- Latifiya Location within Iraq
- Coordinates: 32°58′55″N 44°21′33″E﻿ / ﻿32.98194°N 44.35917°E
- Country: Iraq
- Governorate: Baghdad Governorate
- Municipality: Mahmudiya District

Population (2018)
- • Total: 102,226

= Latifiya =

Latifiya (اللطيفية), named after Latifiya river, is an Iraqi town south of Baghdad, between Mahmoudiyah and Iskandariya, inhabited originally by 97,043 people. It has a mix of Sunni and Shia Muslim population, and surrounded by in the west and the east by rural areas dominated by Sunni Arabs, while its countryside and towns to the north and south are Shia in their majority.

During the period between 2003 and 2007, Latifiya was one of the most dangerous places for the Coalition Forces. The insurgent groups operated almost freely in Latifiya and the neighboring Sunni dominated Al-Yusufiyah. One known case was the ambush to agents of the Centro Nacional de Inteligencia from Spain in November 2003. Nearly all of the Shia citizens were ethnically cleansed, being chased off to Mahmoudiyah, Nasiriya and Iskandariya nearby.
In 2014–15, the ISIS jihadists once again expelled the Shia population. With their defeat in 2017, once again the Shia returned, but this time it was the turn for the Sunni population to be harassed and deported.
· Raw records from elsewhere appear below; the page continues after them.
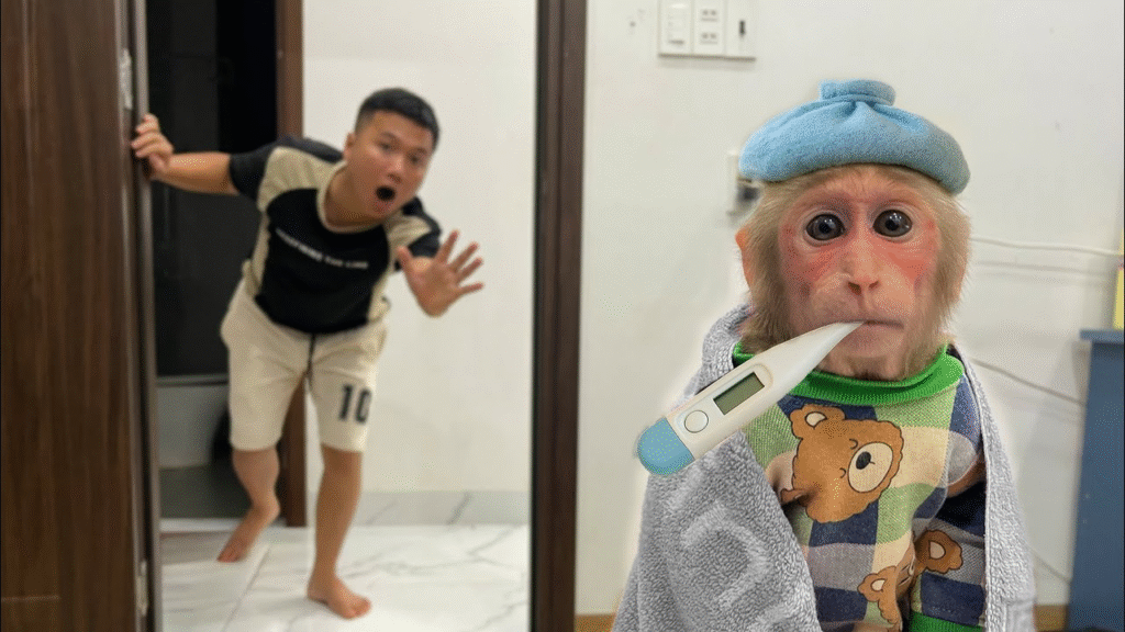 Cubis, our clever little monkey, is full of surprises—and today, he outdid himself! From the moment he saw Dad busy with chores and not paying much attention to him, Cubis decided it was time for a dramatic plan. With a small groan and a slow shuffle, he plopped down on the floor, placing a tiny hand over his forehead like a seasoned actor.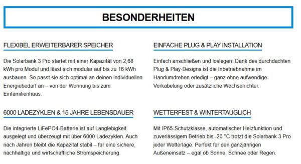 - Die Anker Solarbank 3 Pro bietet eine intelligente Speicherkapazität von 2,68 kWh, die auf bis zu 16 kWh erweiterbar ist. Die Plug & Play-Installation ermöglicht eine schnelle Inbetriebnahme – einfach anschließen und loslegen. Mit 4 unabhängigen MPPTs und einer maximalen PV-Eingangsleistung von 3600 W nutzt die Solarbank jede Kilowattstunde optimal aus.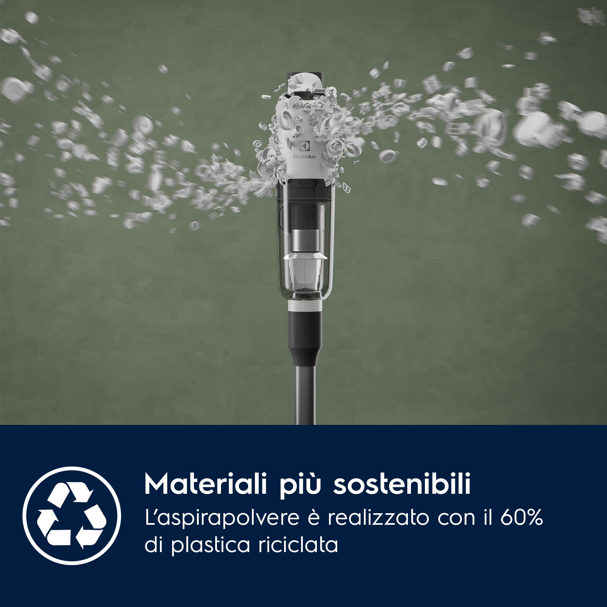 Scopri un potente e adattabile aspirapolvere con una maggiore consapevolezza ambientale, fino al 60% della plastica usata è riciclata.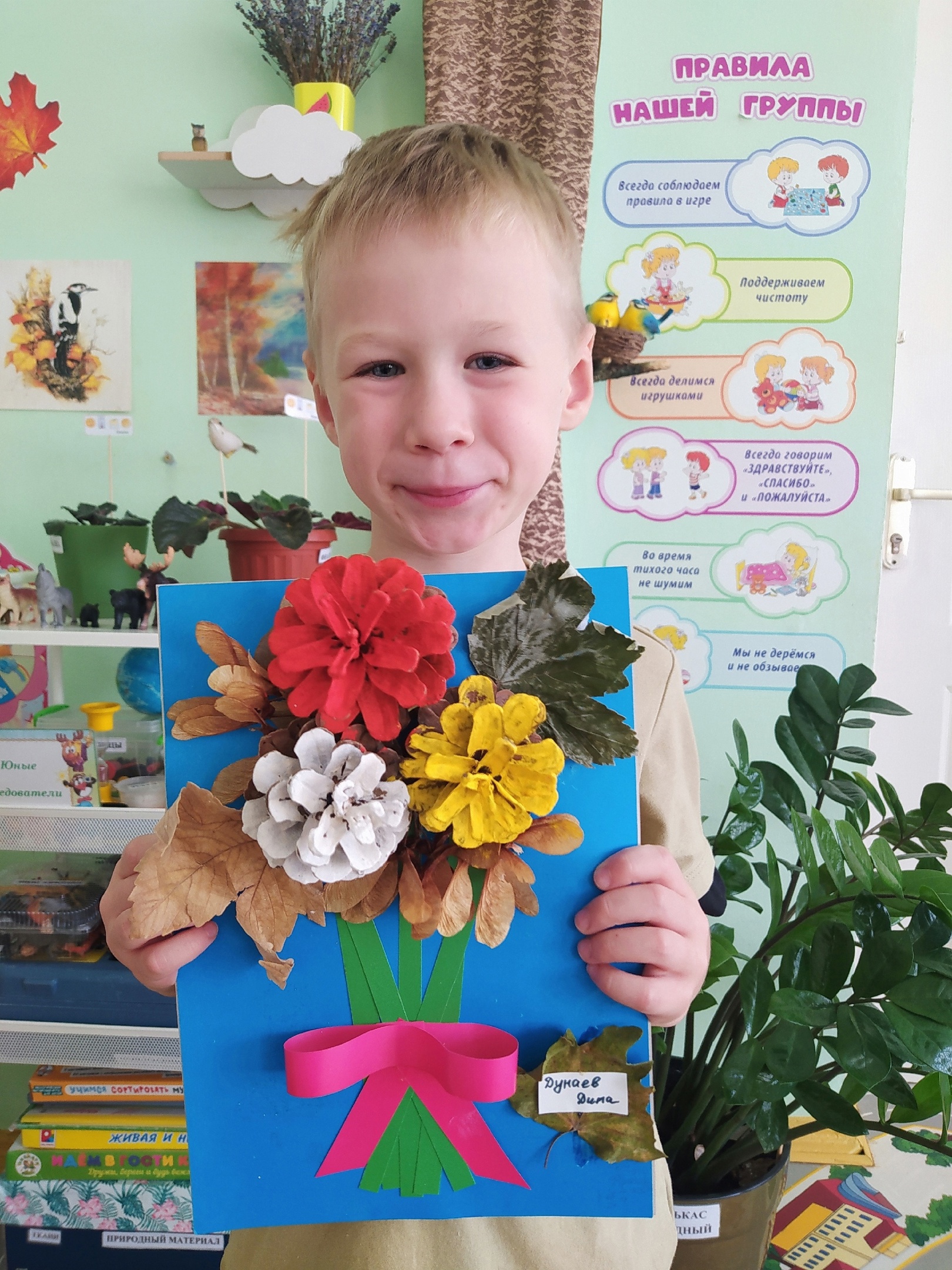 Ребята группы "Смешарики " приняли участие во Всероссийском конкурсе поделок "Шишки, жёлудь, три листочка!"

It is home to the 1/4/6 Iraqi Army Battalion and US Patrol Base Latifiya (FOB ROW).

agricultureal importance and tribes

Al-Latifiyah is known as the food basket of Baghdad and the southern gateway to the city.
Its residents belong to tribes such as Al-Janabiyin, Al-Ghurair, Al-Bu Aitha, Al-Jubur, Al-Khawalid, Al-Dulaim, and other honorable tribes.
The area is famous for producing strategic crops such as wheat and barley, in addition to date palms, fruits, and vegetables—especially lettuce, which is produced there in large quantities.
Agriculture in the district depends on the waters of the Latifiyah River, and it has also seen development in modern irrigation systems, as well as poultry and fish farming.
Al-Latifiyah became known for its resistance to the American occupation since 2003 and for confronting it, which made it a target of many retaliatory campaigns. After the situation in the country gradually stabilized and the occupation ended, life in the district returned to normal.